Il existe une classe de vulnérabilité spécifique qu’Adam Roberts du groupe NCC a détectée dans plusieurs services SSO. Il a constaté que la vulnérabilité affectait spécifiquement les implémentations SAML (Security Assertion Markup Language).
« La faille pourrait permettre à un attaquant de modifier les réponses SAML générées par un fournisseur d’identité, et ainsi obtenir un accès non autorisé à des comptes d’utilisateurs arbitraires, ou d’élever les privilèges au sein d’une application, » décrit chercheur en sécurité Roberts.
Les chercheurs en sécurité de Micro Focus Fortify présentés en 2019 les dangers associés aux vulnérabilités SSO dans le mécanisme d’authentification de Microsoft. Les vulnérabilités ont permis aux mauvais acteurs de mener soit un déni de service, soit de se faire passer pour un autre utilisateur afin d’exploiter leurs privilèges d’utilisateur.
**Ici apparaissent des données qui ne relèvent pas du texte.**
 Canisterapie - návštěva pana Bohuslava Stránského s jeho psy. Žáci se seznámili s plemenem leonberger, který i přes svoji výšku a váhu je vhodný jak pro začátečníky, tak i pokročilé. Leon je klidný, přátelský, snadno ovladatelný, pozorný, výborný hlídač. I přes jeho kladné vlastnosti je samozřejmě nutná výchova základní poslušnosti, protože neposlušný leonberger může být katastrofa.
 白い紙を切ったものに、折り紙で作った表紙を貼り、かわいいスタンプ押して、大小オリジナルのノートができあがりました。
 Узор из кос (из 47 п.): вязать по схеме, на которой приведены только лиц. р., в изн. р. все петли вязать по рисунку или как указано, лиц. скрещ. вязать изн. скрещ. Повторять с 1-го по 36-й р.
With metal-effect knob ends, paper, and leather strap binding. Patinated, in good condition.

Microsoft a corrigé la vulnérabilité de l’authentification SSO en juillet de la même année.
Il y a aussi la montée troublante de attaques de prise de contrôle de compte (ATO) où le mauvais acteur est capable de contourner SSO. Selon le géant de la notation de crédit Experian (pas étranger aux attaques de fraude dommageables), 57% des organisations disent ils ont été victimes des ATO au cours de l’année 2020.
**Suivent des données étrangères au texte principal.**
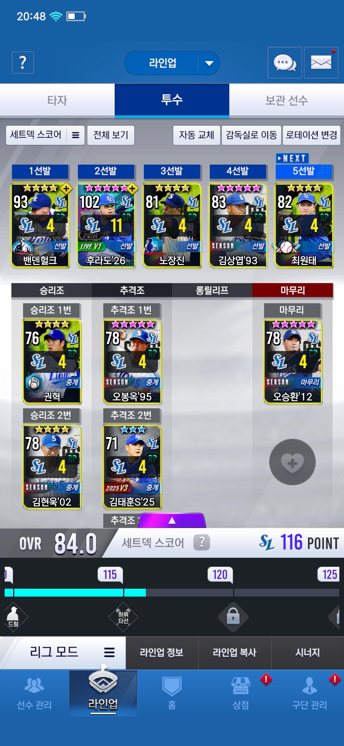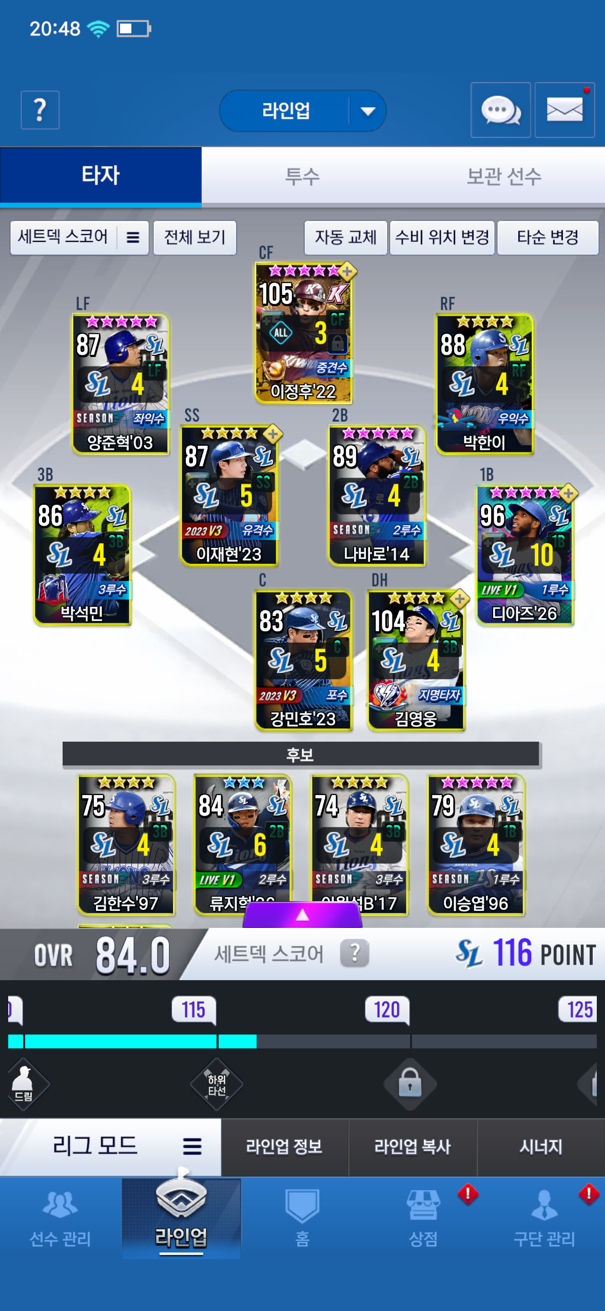 안녕하세여 이제 게임 시작한지 일주일 정도 된 뉴비입니다 팀은 삼성 운영중이며 리세로 빅영웅 뽑아서 골글선택 22이정후로 뽑아서 쓰고있는데 골글1차교환은 어떤거 하면 좋을까요? 현재 팀인데 손봐야 할곳 있을까요? 조언 부탁드립니다!!!!!

SSO, MFA, IAM, Oh mon Dieu!
De par sa conception, SSO n’offre pas une protection à 100%. De nombreuses organisations activeront en outre l’authentification multifacteur (MFA), et pourtant, il existe encore des cas où toutes ces mesures préventives pourraient échouer. Voici un scénario courant:
Les super-administrateurs – les utilisateurs les plus puissants dans la posture de sécurité SaaS – contourneront souvent les paramètres SSO et IAM sans aucun problème. Cette capacité peut être contournée pour de nombreuses raisons, résultant de la recherche d’un accès facile et d’une commodité ou d’un besoin. Dans une situation de panne IdP, pour certaines plates-formes SaaS, les super-administrateurs s’authentifient directement auprès de la plate-forme pour assurer la connectivité. Dans tous les cas, il existe des protocoles hérités qui permettent aux administrateurs de contourner son utilisation obligatoire.
Protéger contre les échecs SSO
Les outils SSO à eux seuls ne sont pas suffisants pour se protéger contre les entrées non autorisées dans le domaine SaaS d’une organisation. Vous pouvez prendre certaines mesures pour éviter les risques présentés par SSO.
- Exécutez un audit et identifiez les utilisateurs et les plates-formes qui peuvent contourner l’authentification unique et déployer l’authentification multifacteur spécifique à l’application pour garantir des stratégies de mot de passe correctement configurées pour les utilisateurs.
- Identifiez les protocoles d’authentification hérités qui ne prennent pas en charge MFA et qui sont en cours d’utilisation, tels que IMAP et POP3 pour les clients de messagerie.
- Ensuite, réduisez le nombre d’utilisateurs utilisant ces protocoles, puis créez un deuxième facteur, tel qu’un ensemble spécifique de périphériques pouvant utiliser ces protocoles hérités.
- Passez en revue les indicateurs uniques de compromission, tels que les règles de transfert configurées dans les applications de messagerie, les actions en masse, etc. Ces indicateurs peuvent être différents entre les plates-formes SaaS et nécessitent donc une connaissance approfondie de chaque plate-forme.
Un robuste Outil de gestion de la posture de sécurité (SSPM) SaaS, comme Adaptive Shield, peut automatiser ces étapes pour éviter d’éventuelles fuites ou attaques.
En plus de contrôler chaque utilisateur de votre écosystème SaaS, Adaptive Shield vous permettra d’examiner la faiblesse de la configuration dans l’ensemble de votre domaine SaaS, domaine SSO inclus, à travers chaque paramètre, rôle d’utilisateur et privilège d’accès.
Adaptive Shield donne à votre équipe de sécurité le contexte complet d’une violation et de ses risques pour votre organisation et vous donne les bonnes instructions à chaque étape jusqu’à ce que la menace soit résolue.